In respect of legal costs, the guiding principles in Currey v Currey should be adopted and any contribution towards the wife’s on-going legal costs was reasonable, and on the basis that she had no other practical means or assets to secure the funds to run her case. The Court had to be able to conduct some analysis of the nature and extent and purpose of the contributions sought, including some breakdown of her anticipated costs. It was observed that if the application for an allowance for legal costs was made before the FDR hearing, it may well be wise to order that the costs allowance should fund the applicant only up to that hearing, to encourage settlement.
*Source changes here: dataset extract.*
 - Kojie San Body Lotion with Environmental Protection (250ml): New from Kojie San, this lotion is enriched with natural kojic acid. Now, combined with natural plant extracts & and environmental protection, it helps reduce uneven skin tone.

It was held that the reasonableness of the wife’s claim for interim maintenance must be judged according to the very high level of daily living that was enjoyed before the couple separated. However, there were a number of instances of forensic exaggeration in this case, as well as extra expenses misplaced in an application for MPS.
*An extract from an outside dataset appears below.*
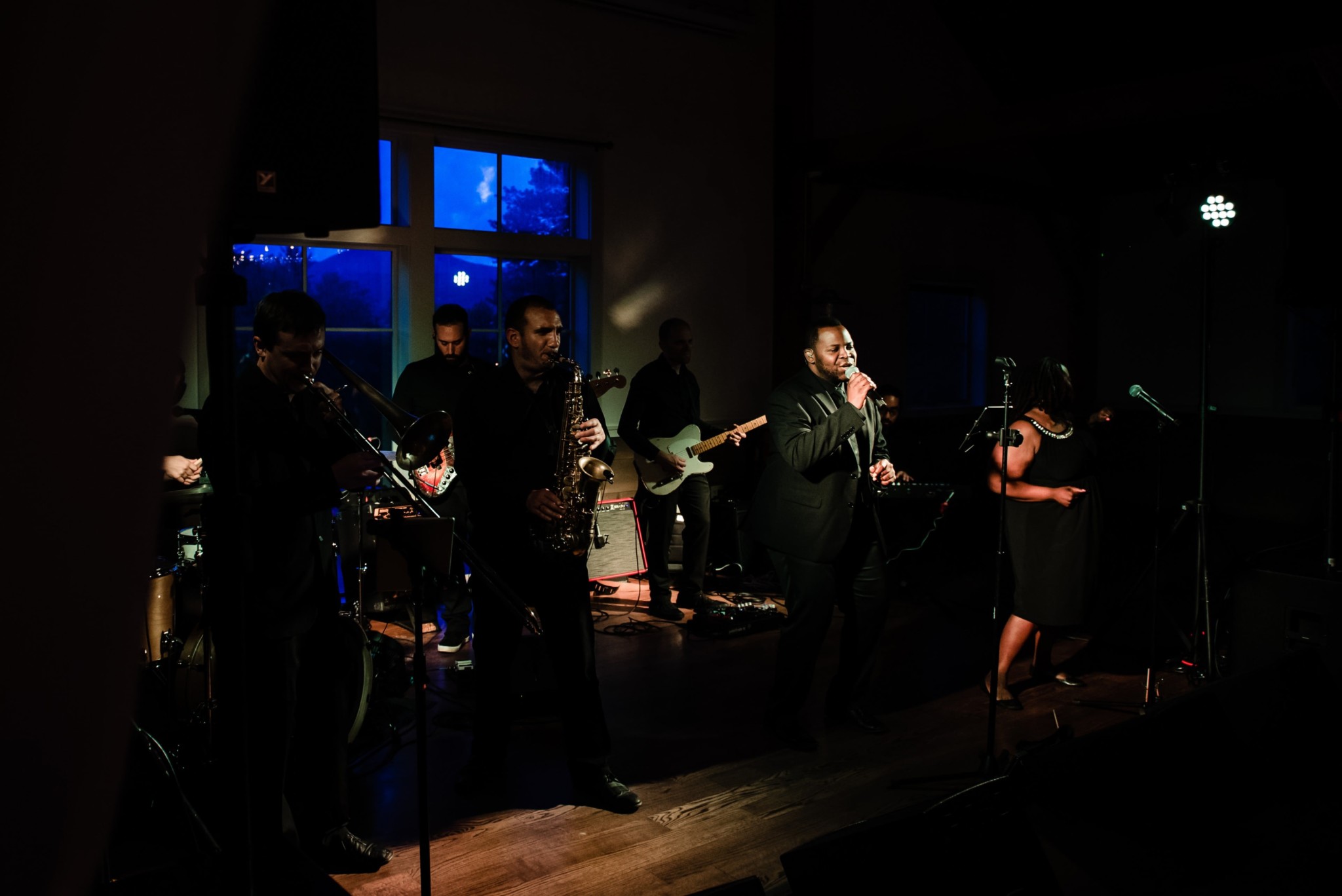 The bride and groom's first dance is almost always one of the most meaningful parts of the wedding. It's an opportunity for the bride and groom to take a moment for themselves. With this portion of the wedding finished, the guests and vendors took a break for dinner. After as short a break as possible, East Coast Soul's Soulsville ensemble circled back to the stage.

The Court of Appeal indicated that it may be in the interests of both parties if, instead of paying periodical payments of MPS and litigation funding, the husband should elect to make a lump sum payment which would enable the wife to maintain herself on a day to day basis and to meet her legal bills until final determination of the application for ancillary relief and to ‘begin to order her life again in the manner she chooses’, such sum assessed at a minimum sum of $75 million. The capital advanced would be set off against any final award and liberty was given to the husband to make that payment. The court did not have jurisdiction to make an order in those terms and therefore it was left open for the parties to choose to do so. If the husband did not choose to make the lump sum payment, an award of MPS in the sum of HK$800,000 per month (as well as backdated maintenance for 12 months) and a contribution of HK$500,000 per month towards her legal costs would be payable to the wife until FDR.
Further clarification was given on the question of offsetting the lump sum against the final award in subsequent cases.